Elexon’s Bygraves suggested engagement around P375 had been “great” with 45-50 stakeholders taking part “from across industry, including incumbent energy companies as well as new entrants”. Support for the proposal, he suggested, was “unanimous”, within working groups.

Should the proposal make its way past the code panel and then the Gas & Electricity Markets Authority, system changes will be required, but Bygraves thought the new arrangements could be running by spring 2022.

“This is very much about transforming the energy system, and the transition to a smarter, more flexible system required to achieve the commitment to net zero. Opening up the market in this way is a means of enabling that,” he said.

Virtual lead parties and meter matters

Without P375, Elexon’s performance assurance role would become “too huge” if an increasing number of providers take the Virtual Lead Party (VLP) route into the Balancing Mechanism, suggested Flexitricity’s Martin.

To date, however, very few have become VLPs. Martin said the fact it is “hard work and quite slow might be putting people off … but I don’t think that will be a permanent state of affairs”.

Alongside P375, Elexon has also developed a new metering Code of Practice (CoP11) to set standards for the accuracy of the asset meters that will be used. This will be critical in bringing assets such as EVs, smart heating, batteries and the broader domestic market into flexibility and balancing services, said Martin.

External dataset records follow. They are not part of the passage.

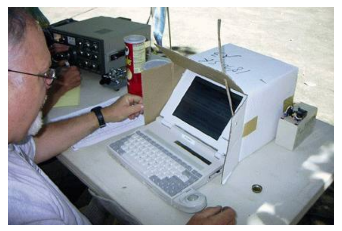
A closeup view of one of the laptops used for tracking contacts. Cardboard shields against the bright sunlight. Almost all stations had a second person with a laptop as station contact rate was quite high.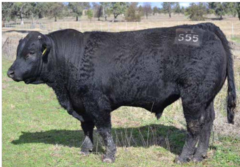
LOT 3 HARLEES MANDATE S55 (P B AA)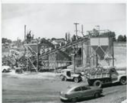
Government ore-buying station and sampling plant at Monticello, Utah (1983.63.185)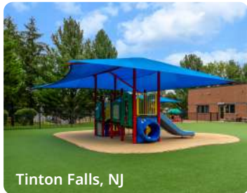
Tinton Falls, NJ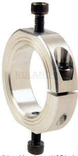
*Additional hardware NOT included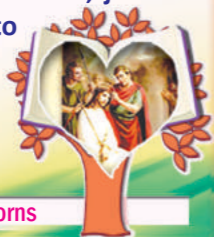
3 rd Sorrowful Mystery - The Crowning With Thorns

13 We pray for all desperate persons due to debts, exam-failures, crop-failures, job failures, love-failures etc., to look beyond problems and sufferings to experience the protection of God.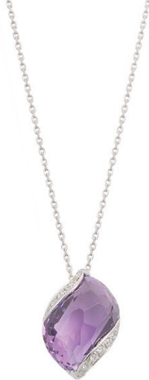
8 K18WG Amethyst Pendant AM=5.86ct D=0.09ct ¥264,000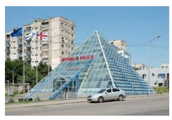
Police Station, Tbilisi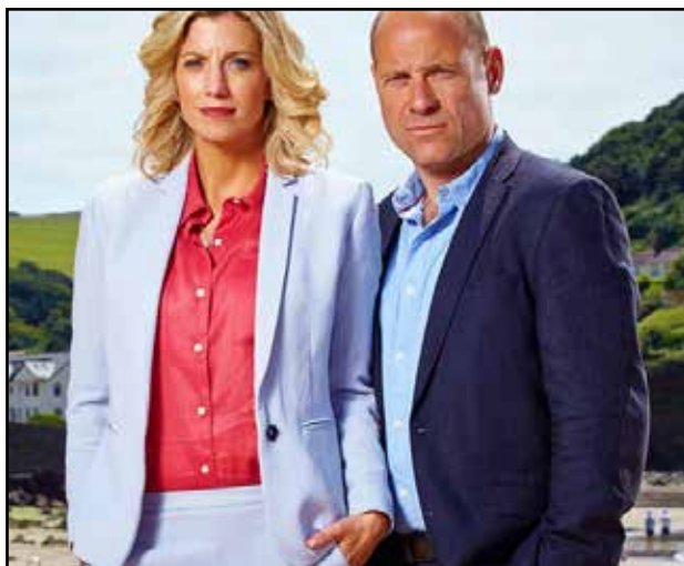
GREAT BRITISH MYSTERY: Claire Goose and Matt Bardock star in The Coroner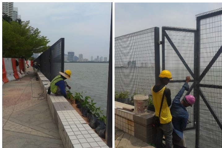
(Left) Workers planting the creepers; (right) Workers securing the access gates.

Since the last update, 1,180 metres of metal structure works involving the installation of the fencing poles, mounting of planter boxes and installation of mesh material have been completed. At the section where work is in progress, 18 fencing poles are currently being installed whilst all planter boxes have been mounted.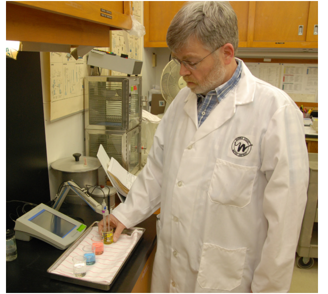
Water Quality Chemist analyzing a water sample

Prinking water, including bottled water, may reasonably be expected to contain at least small amounts of some contaminants. The presence of contaminants does not necessarily indicate that water poses a heath risk. More information about contaminants and potential health effects can be obtained by calling the USEPA's Safe Drinking Water Hotline (1-800-426-4791).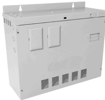
750VA / W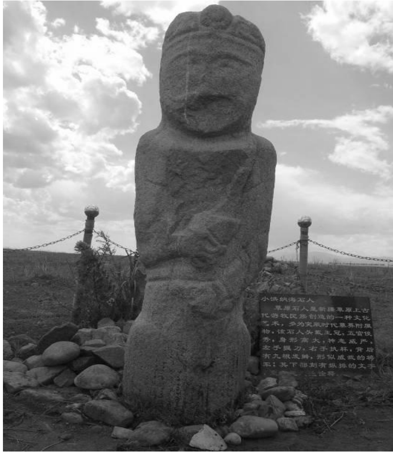
The stone statue at Little Khonakhai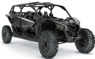
X ds ● Turbo RR ● Turbo RR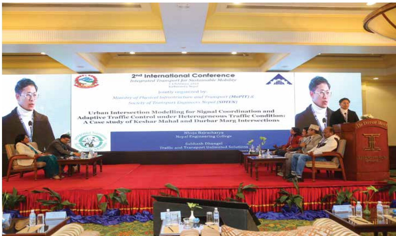
'Urban Intersection Modelling for Signal coordination and Adaptive Traffic Control under Heterogeneous Traffic Condition' - Nhuja Bajracharya, et. al.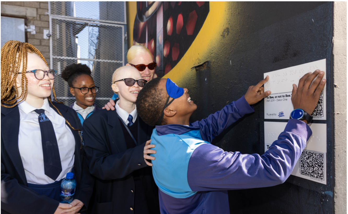
Group of people with visual impairments enjoying a guided tour thanks to braille touchpoints describing the attractions.

valuable information enabling visitors to plan holidays based on their personal access requirements, allowing listening capability to those using their website. The website displays a selection of restaurants and barrier-free dining destinations, wheelchair friendly activities and attractions, as well as detailed information about accessibility at the airport. CCT has also hosted a number of inclusive activities including “Dinner in the Dark” events, partnering with the Cape Town Society for the Blind.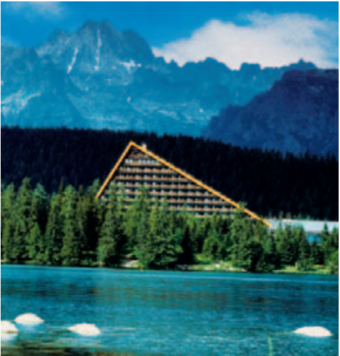
Hotel Patria, Štrbské Pleso

The most important Tatra centres - Starý Smokovec, Štrbské Pleso and Tatranská Lomnica have a large number of catering facilities, from luxury hotel restaurants, traditional Slovak koliba restaurants with an excellent atmosphere and gypsy music, to cosy coffee bars and self-service canteens. Although it cannot be compared to that in the towns, the night life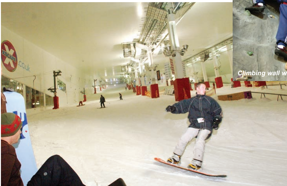
Snowboarder with Crowd

Looking for a bit of action after dark? Oceana - the region's leading nightclub - is in Xscape, and offers 6 different rooms, all with a completely unique sound as well as Jongleurs Comedy Club, and a two-for-one cocktail bar. As well as that, there are a number of pubs and bars all ready to kick your evening off with a bang.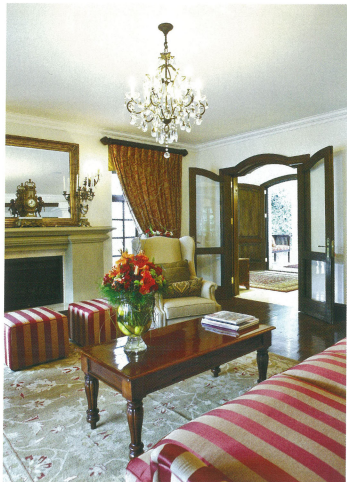
ONCE UPON A DREAM 072 456 1400

ABOVE: Once Upon A Dream created the elegant, classical ambience in this formal lounge by utilising some elements of the Georgian interior decor style, and successfully mixing it with exclusive pieces of furniture from the turn of the century. This elegant style provides the room with a warm traditional ambience.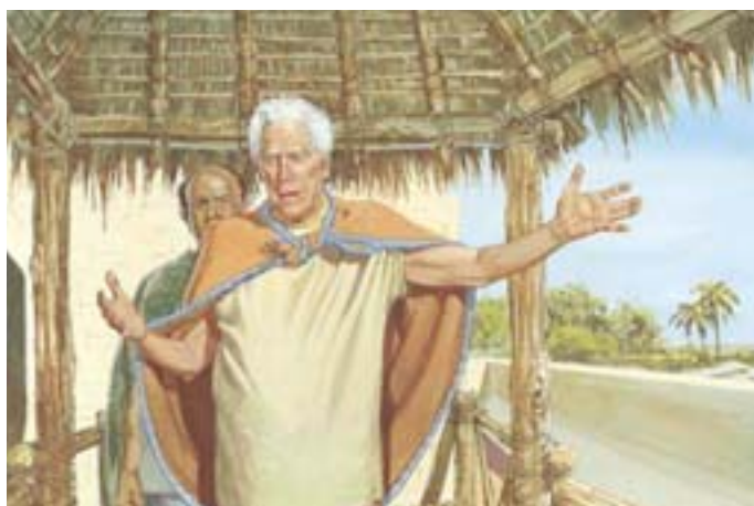
He told the parents not to let their children fight or argue. Mosiah 4:14

He added that while there are questions over lead times for P375, “what really matters in the implementation of the modification is not the time to deliver the IT requirements, it is the time to get the final CoP11 metering standards onto the books.

“That defines what we want manufacturers to deliver – and once they know that, they can set about delivering it. So getting CoP11 approved is in many ways more important than the timetable for delivering of P375 – because it means we are putting the right stuff in streets, homes and onto garage walls.”

The decision on whether to recommend the modification to regulators will be made by the BSC panel in December.

1 comment for “Elexon CEO confident P375 will not be stymied, Flexitricity pushes for end of balancing services honesty boxes

  1. August 28, 2020 at 10:22 AM

    Elexon/P375

    Limejump is very supportive of the P375 code modification, particularly in light of increasing renewable generation and storage co-location behind the meter boundary point.

    The VLP route becomes valuable and of interest to the wider Limejump customer base once P375 passes. Prior to this, BTM generators are precluded from entering the BM without risk in respect of imbalance calculations. This is particularly complex where there are multiple assets BTM.

    Widening BM access to a wider pool of asset operators would be a welcome development. Without P375 many small generators are precluded from providing flexibility to National Grid which is incongruent with the desire to move towards a net zero electricity system in the UK.

    We welcome the parallel progress on the latest Code Of Practice from Elexon (COP11) which will cover Metering for Balancing Services Assets for settlement purposes and will ensure appropriate metering standards for BTM assets.